Bill Baxter dnewsgroup at billbaxter.com
Sun Jan 21 21:49:21 PST 2007


Andrei Alexandrescu (See Website For Email) wrote:

> Anyhow, speaking of a more critical review, the current intended rules 
> for lazy are:

Does the lack of syntax mean that the syntax has yet to be decided upon?

> * lazy is a type constructor (takes a type, returns a type)

Cool that seems like an interesting idea for this and const.

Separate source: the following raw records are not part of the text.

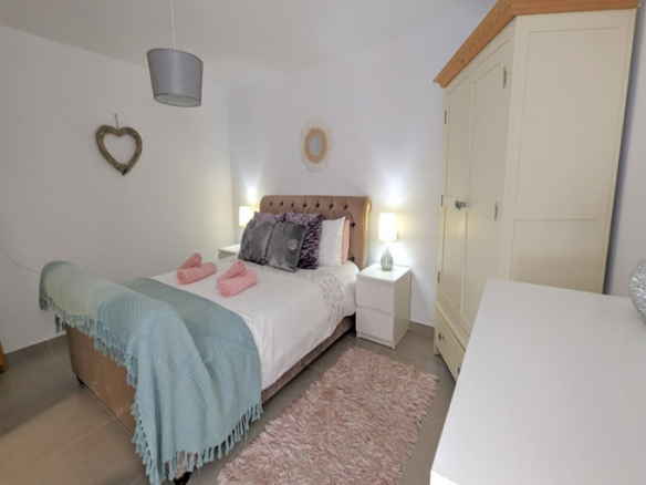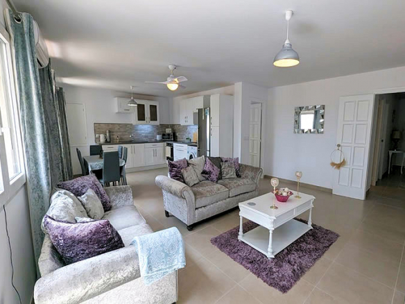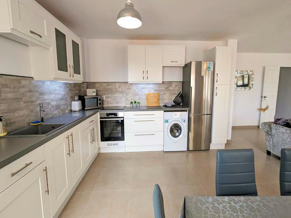 The accommodation, beautifully reformed (including all new plumbing and electrics) and decorated, is distributed on one level on the first floor with lift access. You enter via the front door into a hallway from which is a double bedroom, a family bathroom with access to the beautiful open plan living / dining / kitchen area. This area has patio doors to small balconies overlooking the road. The kitchen is fully fitted with oven, hob, fridge freezer and washing machine. From the living area there is a second hallway to 2 more double bedrooms both of which are en-suite and have fitted wardrobes and the master having access to a private terrace.
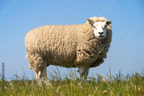 © Rob Bouwman, Obraz premium Dutch polder landscape with grazing and lying sheep on a green grass dyke
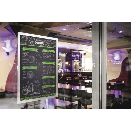Marco para mostrar listas de precios, horarios de apertura, promociones, etc. Marco de presentación Duraframe® Sun, especialmente diseñado para superficies de cristal expuestas al sol. Gracias a su fijación vitrostática, el marco se puede fijar en escaparates, ventanas, vidrieras, etc. Inserción y actualización rápidas de la información gracias al marco magnético. Resistente al calor (hasta 70 °C), tiene una protección UV que dura hasta 2 años.
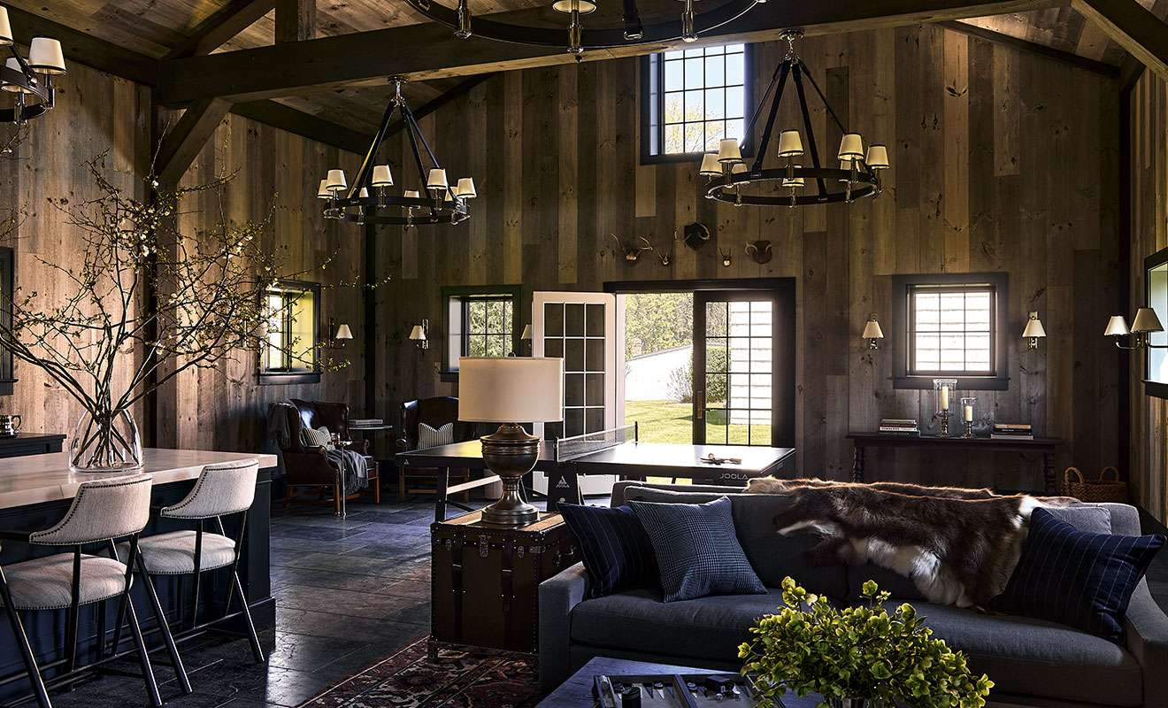 A renovated barn is filled with a sophisticated Earth-toned palette.
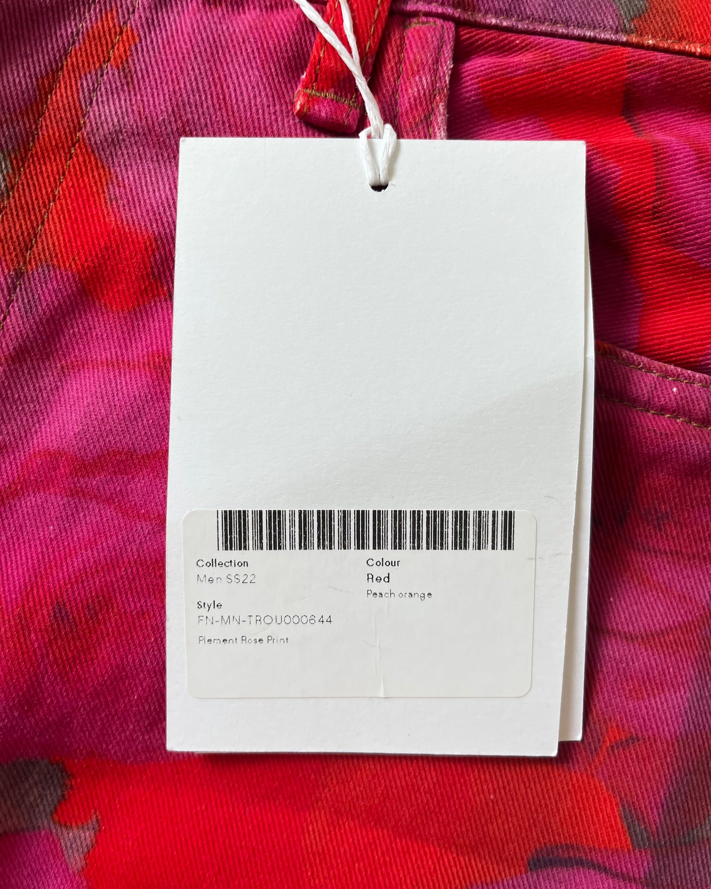 Discover a harmonious blend of artistic charm and contemporary style with Acne Studios SS22 Men's Pink Red Flowers Rose Pants. These pants are a true statement piece, showcasing a mesmerizing pattern of pink and red flowers, exuding an air of refined elegance.
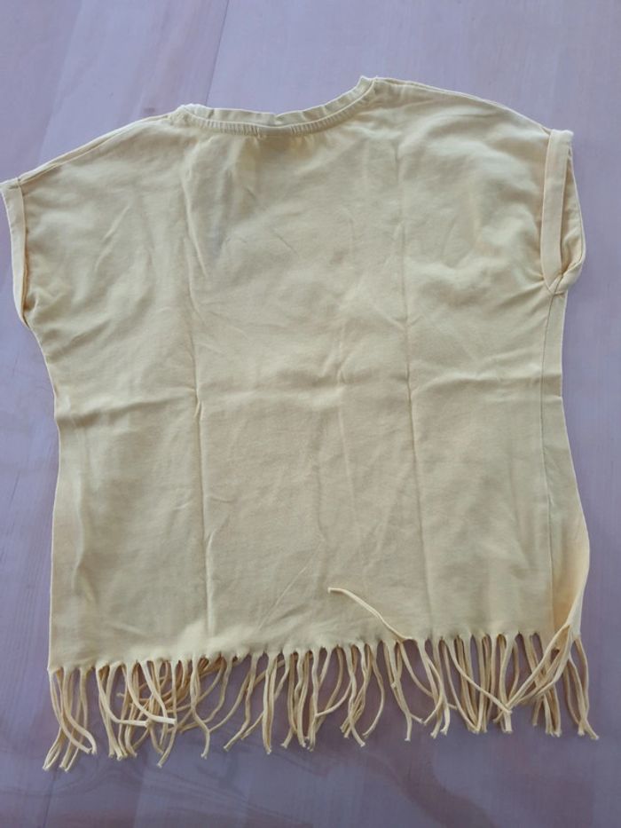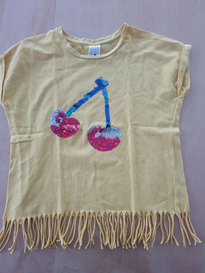 T-shirt 9 ans fille jaune sequins cerises franges - photo numéro 1
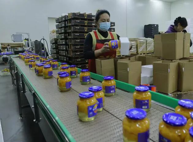 安徽爱泽供应链管理有限公司工人在将水果罐头装箱。记者 苏洋 摄
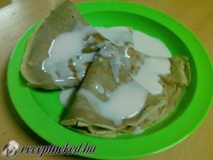 Hozzávalók: 7 tojás 7 dl tej 0,5 l szénsavas víz 70 dkg liszt csipet só 1 ek cukor 1 cs vaníliás cukor 1 púpos ek kakaópor 1 nagyobb alma reszelve 1 ek citromlé kevés olaj Elkészítése: A tojásokat a cukorral és a vaníliás cukorral habosra kevertem, majd hozzáadtam a tejet, sót és a lisztet. A […]
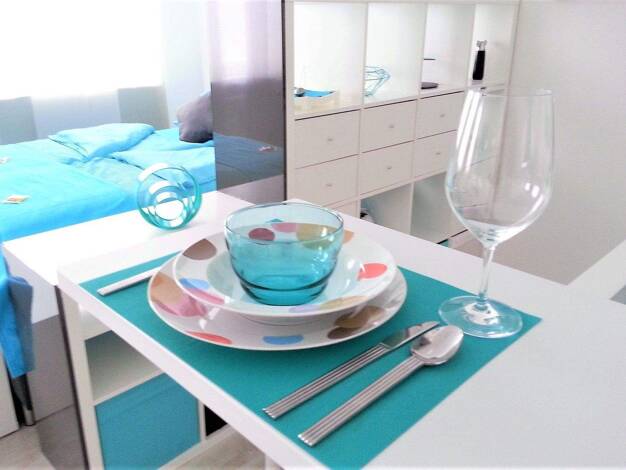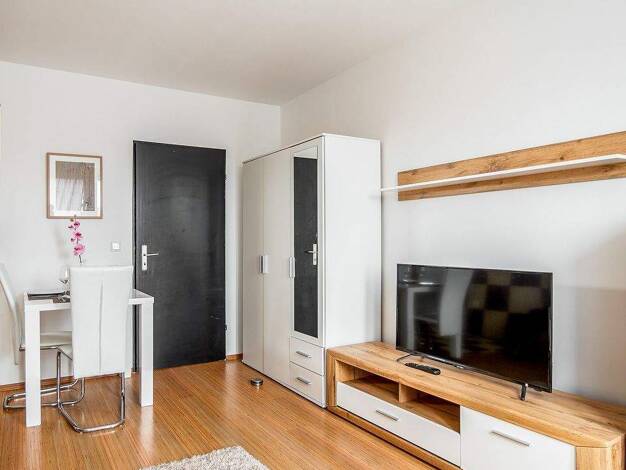 Schön möbliertes, helles 1-Zimmer-Apartment in Röthenbach bei Schweinau. Die Möblierung des mit Vinyl ausgelegten Zimmers besteht aus einer weißen Couch, Couchtisch, Flatscreen TV, Sideboard, Esstisc...
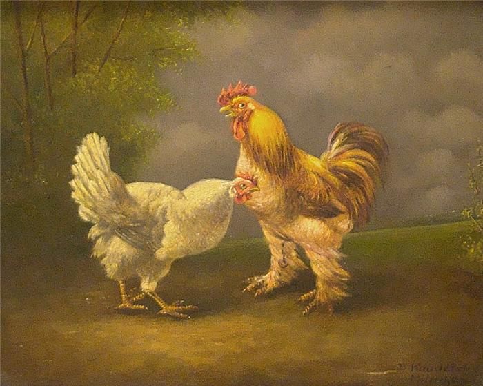 Pendants: Verschiedene Hühnerpaare in Landschaft.
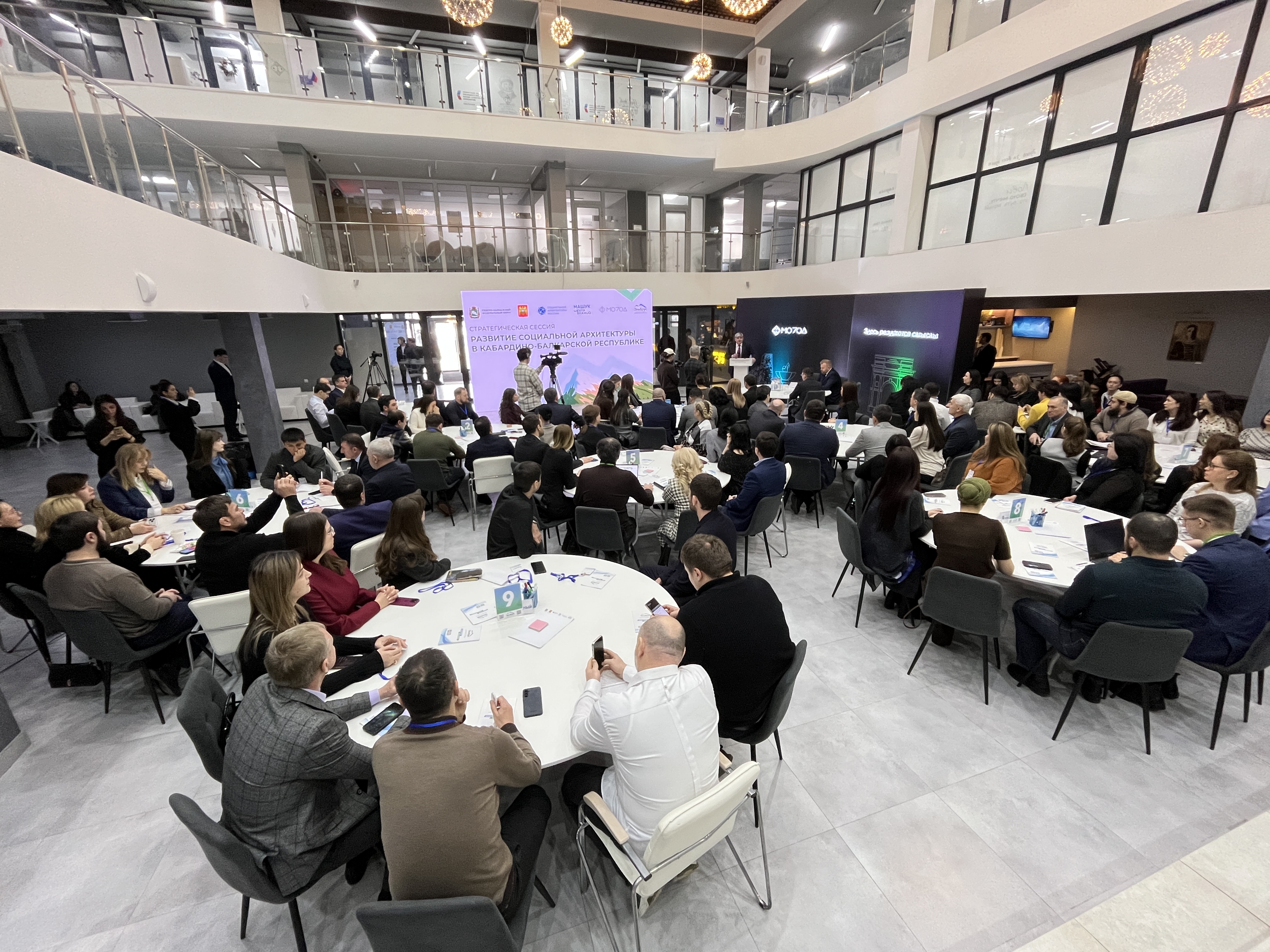 В рамках стратегической сессии участники рассмотрели ключевые социальные вызовы, с которыми сталкивается Кабардино-Балкария. Среди них развитие моногородов, вопросы туризма и индустрии гостеприимства, гармонизация межнациональных отношений. В дискуссии активно участвовала молодёжь: лидеры НКО, студенты и волонтеры становятся полноценными соавторами проектируемых решений.
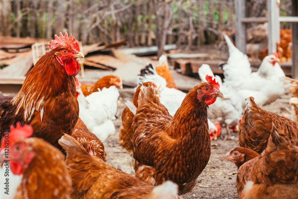 chicken and rooster walking around the yard
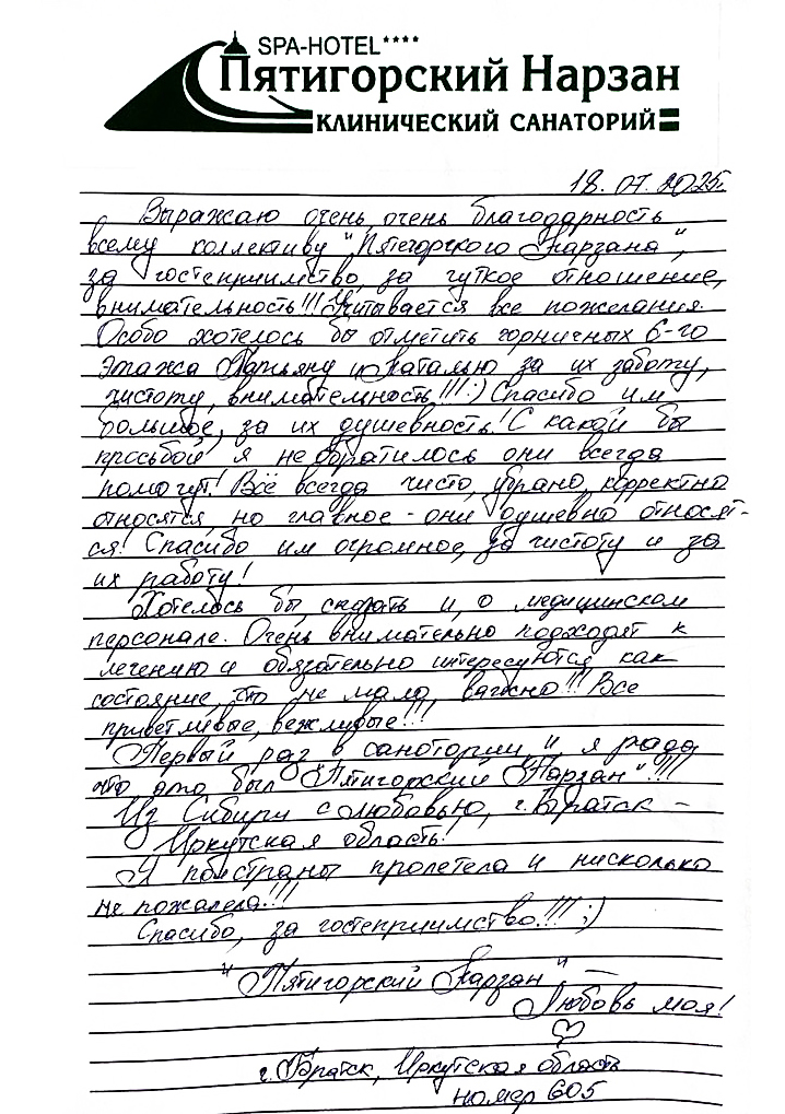 Выражаю благодарность всему коллективу «Пятигорского нарзана», за гостеприимство, за чуткое отношение, внимательность!!! Учитываются все пожелания. Особо хотелось бы отметить горничных 6-го этажа Татьяну и Наталью за их заботу, чистоту, внимательность!!! Спасибо им большое, за их душевность! С какой бы просьбой я не обратилась они всегда помогут! Все всегда чисто, убрано, корректно относятся, но главное — они душевно относятся. Спасибо им огромное, за чистоту и за их работу! Хотелось бы сказать и о медицинском персонале. Очень внимательно подходят к лечению и обязательно интересуются, как состояние, что не мало важно! Все приветливые, вежливые! Первый раз в санатории и я рада, что это был «Пятигорский нарзан»!!! Из Сибири с любовью, г.Братск — Иркутская область! Я пол страны пролетела и нисколько не пожалела!!! Спасибо, за гостеприимство!!! «Пятигорский нарзан» Любовь моя!!!
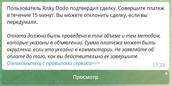 И ещё. Если вы не нажмёте кнопку "создать сделку", то ваш запрос на покупку по этому объявлению завершиться через 3 минуты и вы сможете создать новый запрос по этому же объявлению.
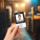 Modern and professional black employee ID badge featuring their photo, name and position, and your business or organisation's logo. On the back, add any additional information and optional QR and bar codes.
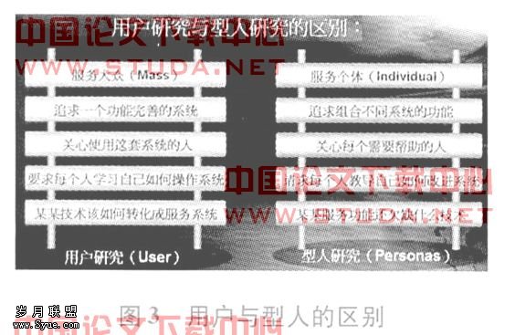对比用户研究,型人研究预设的服务对象是个体(Individual)而不是大众(Mass);型人模型在数字图书馆系统与技术领域中,追求的是组合不同系统的功能,而不是追求一个功能完善的系统;型人研究的动机是关心每个需要帮助的人,而不是只关心使用某套系统的人;型人模型的作用,是汇总每个教导自己如何改进系统的意见,而不是要求读者向图书馆员学习如何“熟练的”操作系统。用户研究与型人研究的区别,如图3所示:
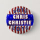 Voto para o botão de Chris Christie 2016 com fundo da bandeira da bandeira dos Estados Unidos, nas máscaras do vermelho, branco e do azul: Eleição 2016 presidencial: Republicano: botões da campanha para republicanos: GOP: política: político: conservador: Presidente: Os Estados Unidos da América: candidatos
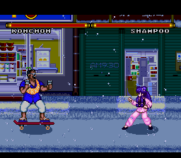 Chōnai Gekitōhen‘s presentation does little to redeem the title. The game is ugly, even by the standards of 16-bit Street Fighter II clones. The backgrounds, character designs, and animation details look poor, and music the and sound effects are lacking.
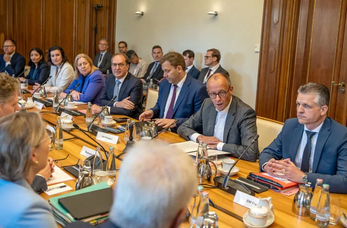 Knapp fünf Monate nach seiner Vereidigung kommt das schwarz-rote Bundeskabinett zu seiner ersten Klausurtagung zusammen. Inhaltlich soll es bei den zweitägigen Beratungen in der Villa Borsig am Tegeler See im Nordwesten Berlins vor allem um Bürokratieabbau, Wettbewerbsfähigkeit der deutschen Wirtschaft und Zukunftstechnologien gehen.
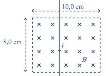 "En rak ledare befinner sig i ett homogent magnetfält med begränsad utsträckning enligt
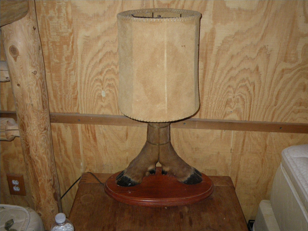 The ranch house has both bunk houses and small cabins.  Above, the lamp shows basic ranch chic.
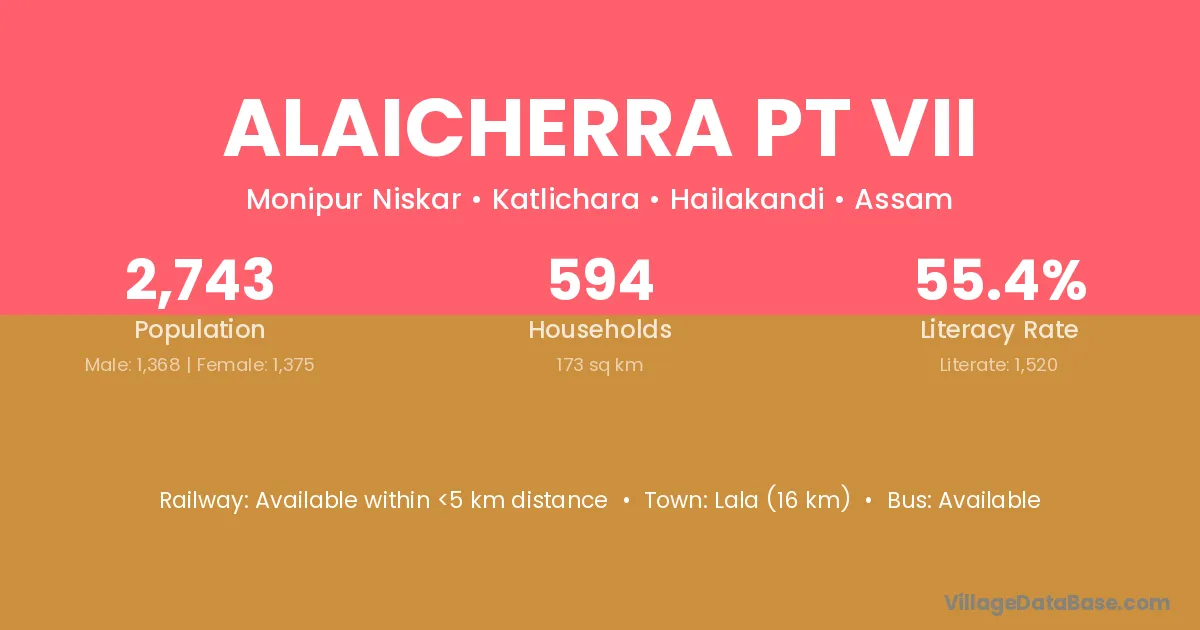 Lala (16 km) is the nearest town to Alaicherra Pt Vii village for major economic activities and is located approximately 16 km away.
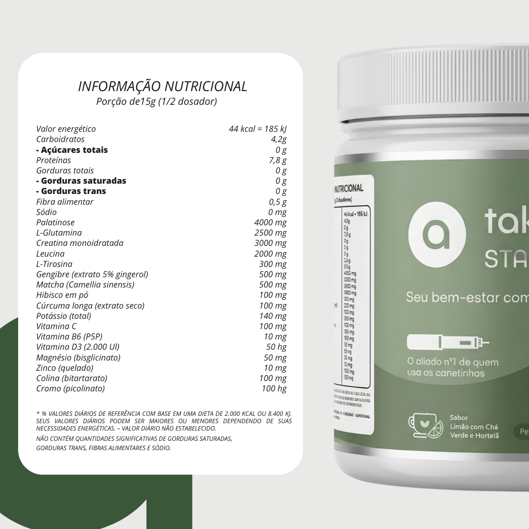 Palatinose (isomaltulose), L-glutamina, creatina monoidratada, L-leucina, gengibre em pó (Zingiber officinale, padronizado a 5% gingerol), extrato de chá verde (Camellia sinensis ∆ matcha), L-tirosina, colina bitartarato, bisglicinato de magnésio, ácido ascórbico (vitamina C), hibisco em pó (Hibiscus sabdariffa), cúrcuma longa (extrato seco), piridoxal 5-fosfato (vitamina B6), colecalciferol (vitamina D3), bisglicinato de zinco, picolinato de cromo, citrato de potássio, bicarbonato de potássio, aroma natural de limão com hortelã, acidulante ácido cítrico, edulcorante natural (glicosídeos de esteviol) e antiumectante dióxido de silício.
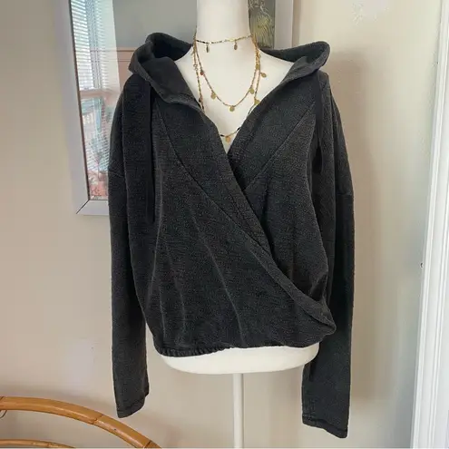 — Intentionally textured with some extra fuzzing wear Dark charcoal grey — Surplice wrap crossover... Show more

> * sizeof(lazy T) = sizeof(T delegate())
> 
> * initialization = expression of type T or expression of type lazy T
> 
> * assignment: expression of type lazy T
> 
> * access: every access invokes the delegate. No trailing parens.
> 
> * deduced automatically: never

What does this mean, exactly?  Is it speaking of a template parameter? 
Or for things like 'auto foo = <expr>'?

> * can occur in: (a) function argument list; (b) function return type; 
> (c) all lvalue contexts (namespace-level, local, struct member, class 
> member, array, hash)

> One irregularity is that assignment from an expression of type T is not 
> accepted, amid fears that this would cause confusion. Probably we could 
> drop this irregularity.

So this is ok:
   lazy int a = 3+4;
And this is ok:
   lazy int b = 3+4;
   lazy int a;
   a = b+2;

But this is not?
   lazy int a;
   a = 3+4;


Don't really have any criticisms of this at the moment, just trying to 
figure out exactly what it's going to mean in practice.
So far what I'm getting is that it's similar to the current 'lazy' just 
generalized to apply to more situations, and that now lazy is part of 
the type rather than being a storage class.

Will there be any additional interop with delegates?  What about 
assigning a delegate to a lazy variable?